No supplementation, no bottles, no sugar/glucose water, no formula, no paci's, breastfed on demand only
(I bring signs too, nurses said this was helpful last time as they have so many they do forget and one even went so far to tell me she sees all sorts of things against what the mom's want, not on purpose, but just because things aren't really laid out straight sometimes)
If a boy no cosmetic procedures
DH or I present with baby at all times
No HepB shot, but vitamin K and eye goop are fine
skin to skin as soon as possible
New rules this time:
No visitors until after baby has had the first skin to skin and first nursing session
We are hiring a doula in case DH goes off with baby (baby is planned to be healthy like last time but just in case) for any reason I won't be alone.
There are some other things, but I just don't feel they are worth the "fight". I have to have a C-section and if I didn't I would have gone to a birth center or done a home birth so the whole experience is really the total opposite of what I envisioned. But I am still looking forward to the day, and am very happy about all of it overall. I am just so glad that in the face of medical conditions I do have the hospital route available to me and my baby so we can be healthy which is the priority.
Mama to Three Girls:
Twins born March 2014 at 26 weeks due to preterm labor
and our 37weeker born May 9th, 2016!
https://www.mcsweeneys.net/articles/jamie-and-jeffs-birth-plan
@jessicab0627 From what I've heard it *can* cause bloating, but not always. Probably just if you ended up with more fluid than normal.
DS: Born 5-17-16
Getting a tear naturally and being stitched up for it is not considered an episiotomy.
Does that make sense?
DS: Born 5-17-16
This time around (@ a different practice), they don't do them unless absolutely necessary. I'm convinced I wouldn't have torn that much, but I guess I'll never know.

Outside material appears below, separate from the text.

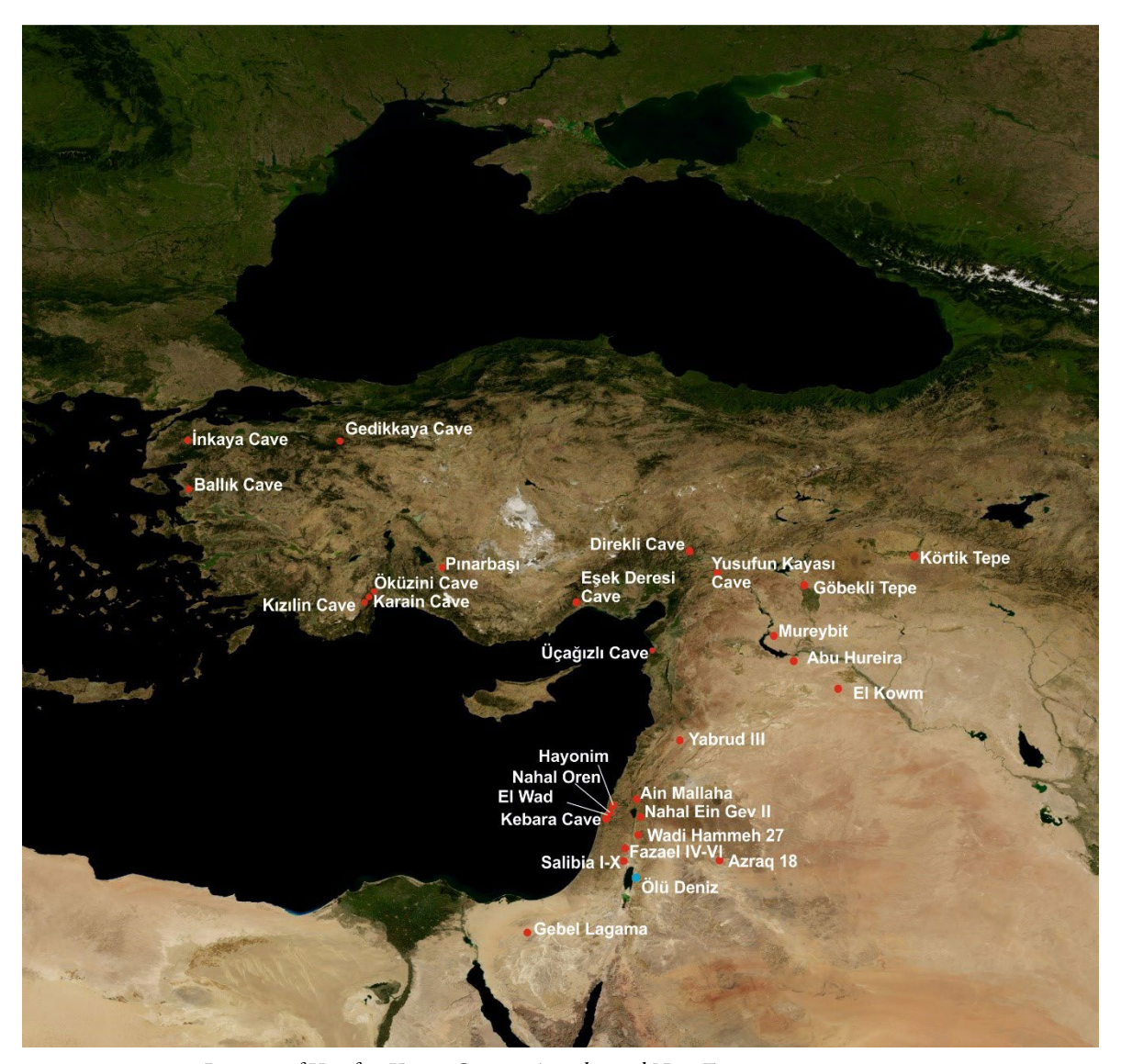
Figure 1. Location of Yusufun Kayası Cave in Anatolia and Near East

that Direkli Cave is associated with a lithic industry with Early Natufian characteristics. On the other hand, Eşek Deresi (Altınbilek-Algül vd. 2022) and Yusufun Kayası Caves are still new excavations, so it is too early to describe a specific typological affiliation. However, both have material evidence reflecting distinct periods that differ from each other in some significant ways. At this point, Yusufun Kayası Cave appears as a reflection of a unique regional adaptation due to its location and cultural materials.

Also- they say tearing naturally is an easier recovery.
Ouch! I'm sorry that happened to you after just 20min! I hope you tear much less or not at all this time!
Mama to Three Girls:
Twins born March 2014 at 26 weeks due to preterm labor
and our 37weeker born May 9th, 2016!
Reasons not to: You may not tear at all, and an episiotomy is an automatic 2nd degree tear. Some women don't tear, or may have only had one degree. It can also cause you to tear more. It's the difference between pulling on a whole piece of paper and pulling on one that has a slit cut in it. Which is going to tear more?
Most doctors will only do them if they can see you are about to have a worse tear, or if they have to use forceps to get the baby out. So more emergency situations. It's routine episiotomies most people are against.
Like you, I was told I was getting an episiotomy right before she came out even though it was on my birth plan not to, but at that point I was not thinking rationally. I didn't think my recovery was all that bad, but I didn't have anything to compare it to.
Long story short, the advantages of tearing naturally are that it could be a smaller tear and more superficial. The disadvantages are that it may be a more jagged or off-center tear and is more unpredictable. An episiotomy is more controlled, however could be deeper and may lead to more tearing depending on how labor goes. Every OB has different ideas about it so it can be hard to get a straight answer (clearly my childbirth educator was anti-episiotomy, but others may recommend it). Either way, you should never feel forced one way or another. Your body will stretch and, yes, tear if it needs to to get that baby out, but it may take longer than the staff would like. You should have a voice though if you want to give yourself more time to naturally make space for the baby. If all else fails, medical intervention is an option, but doesn't necessarily have to be the go-to solution.